Princeton University's Andlinger Center for Energy and the Environment recently held its 13th annual meeting themed “Energy for AI and AI for Energy,” which brought together experts from industry, academia, and government to discuss the relationship between artificial intelligence (AI) and the energy transition. While AI offers potential in optimizing energy systems, advancing climate research, and accelerating the deployment of clean technologies, it also introduces significant challenges due to its high energy consumption and carbon-intensive infrastructure requirements.
“AI is influencing nearly every academic discipline—frankly, nearly every human endeavor,” said Jennifer Rexford, Princeton’s provost and the Gordon Y. S. Wu Professor in Engineering.
Keynote speaker Melanie Nakagawa, Microsoft’s chief sustainability officer, stressed the importance of considering AI’s lifecycle impacts holistically. Data centers, the backbone of AI operations, are major energy consumers and contribute significantly to carbon emissions, particularly through the materials used in their construction. Nakagawa highlighted Microsoft's initiatives to mitigate these impacts by collaborating with partners like Google and Nucor to promote cleaner building materials and advanced energy solutions, aiming to set an industrywide standard for sustainable practices.
“Ultimately, this is a systems challenge,” Nakagawa said. “We want to create an impact beyond our company, so we are investing in solutions and advocating for policies that can support a net-zero future for everyone.”
Panelists explored how AI-driven demand intersects with broader energy challenges, including the electrification of vehicles and the rise of hydrogen and other emerging technologies. Regulatory frameworks and energy systems, still designed for traditional centralized energy sources, need to evolve to accommodate new renewable projects and transmission requirements.
Experts including Allison Clements, former commissioner at the US Federal Energy Regulatory Commission (FERC), and Matt DeNichilo, a partner at Energy Capital Partners, emphasized the need for enhanced grid capacity and the integration of long-duration energy storage to support the increasing load from AI operations sustainably.
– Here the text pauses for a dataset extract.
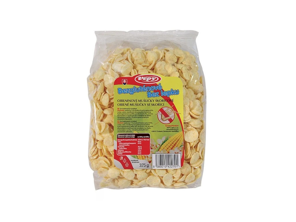 Obilné mušličky se skořicí jsou cereálie s kukuřično-rýžovým základem určené k přímé konzumaci. Kukuřice obecně je přirozeně bezlepkovou a nutričně velmi bohatou potravinou, má vysoký obsah vitamínů skupiny B, obsahuje rovněž minerální látky jako je železo, hořčík, zinek, mangan a selen. Rýže je bohatým zdrojem sacharidů s téměř nulovým obsahem tuků a obsahuje vitamíny skupiny B, minerály včetně železa, hořčíku, zinku a draslíku.

Speakers also highlighted AI’s transformative role in addressing energy and climate challenges. For example, AI-powered tools are being leveraged for real-time diagnostics in fusion energy, automation in power grid operations, and rapid simulation of environmental models, enabling faster and more effective decision-making. However, challenges remain, including scaling AI solutions, ensuring their safety and robustness, and overcoming data limitations.
Discussions also extended to the energy-intensive nature of computing technologies that underpin AI. Advances in chip performance have dramatically increased computing power, with Nvidia’s senior director of circuits research Tom Gray estimating performance to have increased “nearly 1,000-fold over the past 8 years,” but this increase has come at the cost of rising energy consumption.
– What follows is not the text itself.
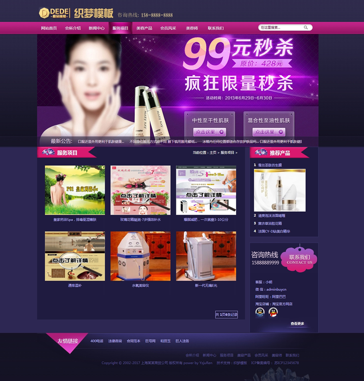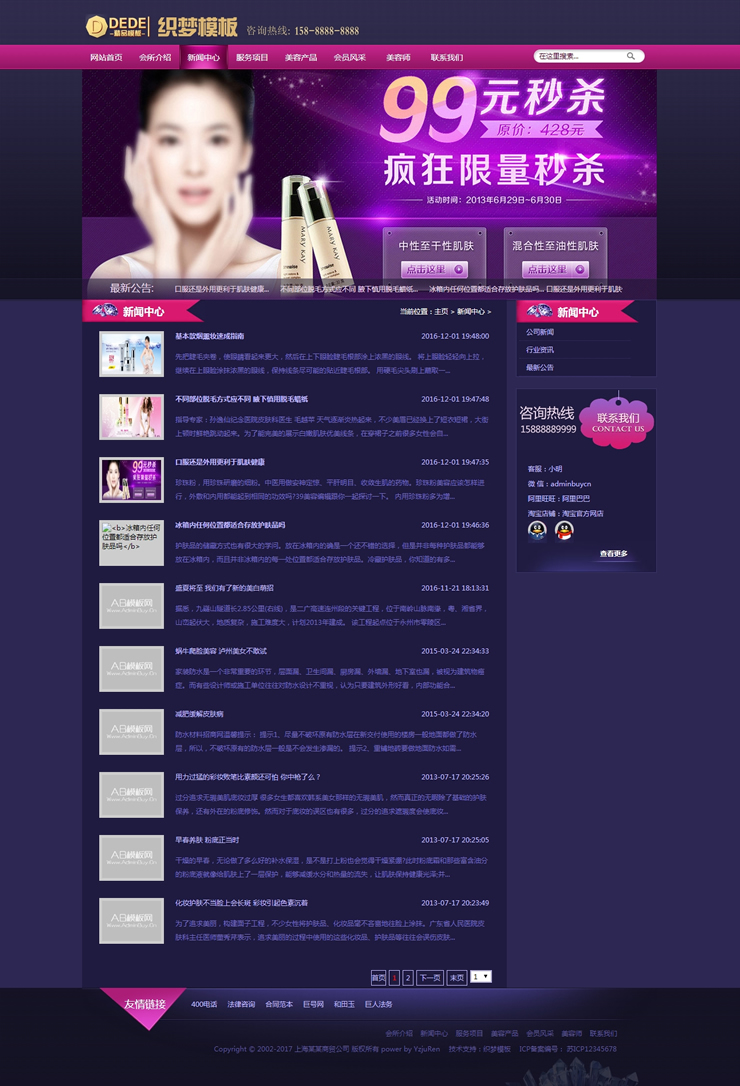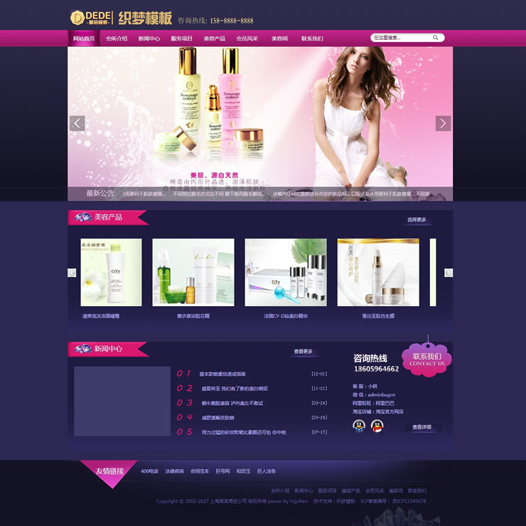 美容養(yǎng)生會所織夢網(wǎng)站源碼紫色化妝美容產(chǎn)品網(wǎng)

Industry leaders like Gray and AMD senior fellow Stephen Kosonocky emphasized the urgency of developing new computing architectures and energy-efficient technologies to counteract this trend.
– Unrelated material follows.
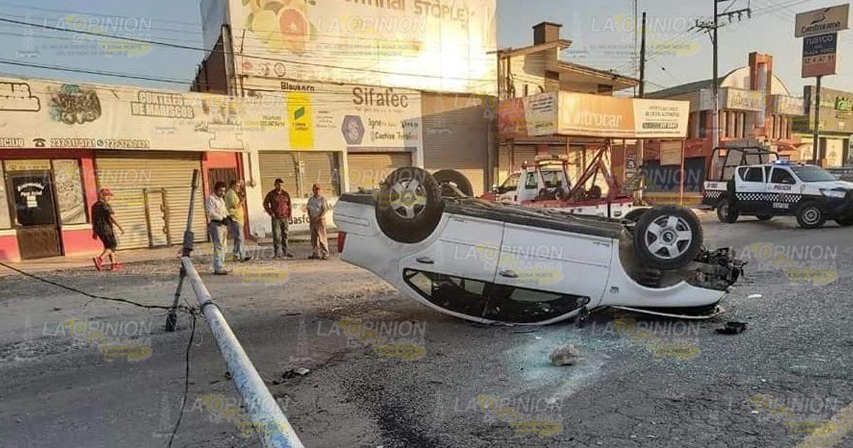 El percance se registró alrededor de las 06:30 horas de esta mañana, sobre el tramo del libramiento de Martínez de la Torre, a la altura de la colonia Plaza Verde, por donde circulaba un Volkswagen, de la línea Jetta, con placas YLB 73-95 del estado, del cual su conductor conducía a exceso de velocidad y al perder el control terminó por estrellarse contra el poste del alumbrado público y termino volcado.

“The power demand of computing and data centers isn’t going away, and conventional techniques for boosting efficiency are quickly running out of steam,” Kosonocky said. “What we need are new trajectories and new computing architectures to support greater efficiencies as AI evolves.”
Beyond operational energy use, panelists like Carole-Jean Wu, director of AI research at Meta, pointed to the significant emissions associated with manufacturing AI hardware, urging the industry to consider total lifecycle emissions. Despite these challenges, many saw AI as a vital tool for driving clean energy innovation. Initiatives like the US Department of Energy’s Frontiers in Artificial Intelligence for Science, Security and Technology (FASST) program aim to integrate AI into energy storage, fusion research, and more, accelerating progress in these areas.
Speakers also reflected on the limitations of AI, cautioning against overreliance on it, advocating for combining AI with physics-based models to ensure comprehensive and interpretable solutions.
“I always ask my students to start with simple models or to tell me why we should be using something more complicated,” said panelist Ning Lin, Princeton professor of civil and environmental engineering, who has used AI and machine learning to upscale hurricane hazard models. “Unless the more complicated model produces much better results, the simpler models are easier to understand and interpret.”
The event concluded with a call to action for interdisciplinary collaboration and systemic thinking to balance AI’s benefits and environmental costs, underscoring its role in shaping a sustainable and inclusive energy future.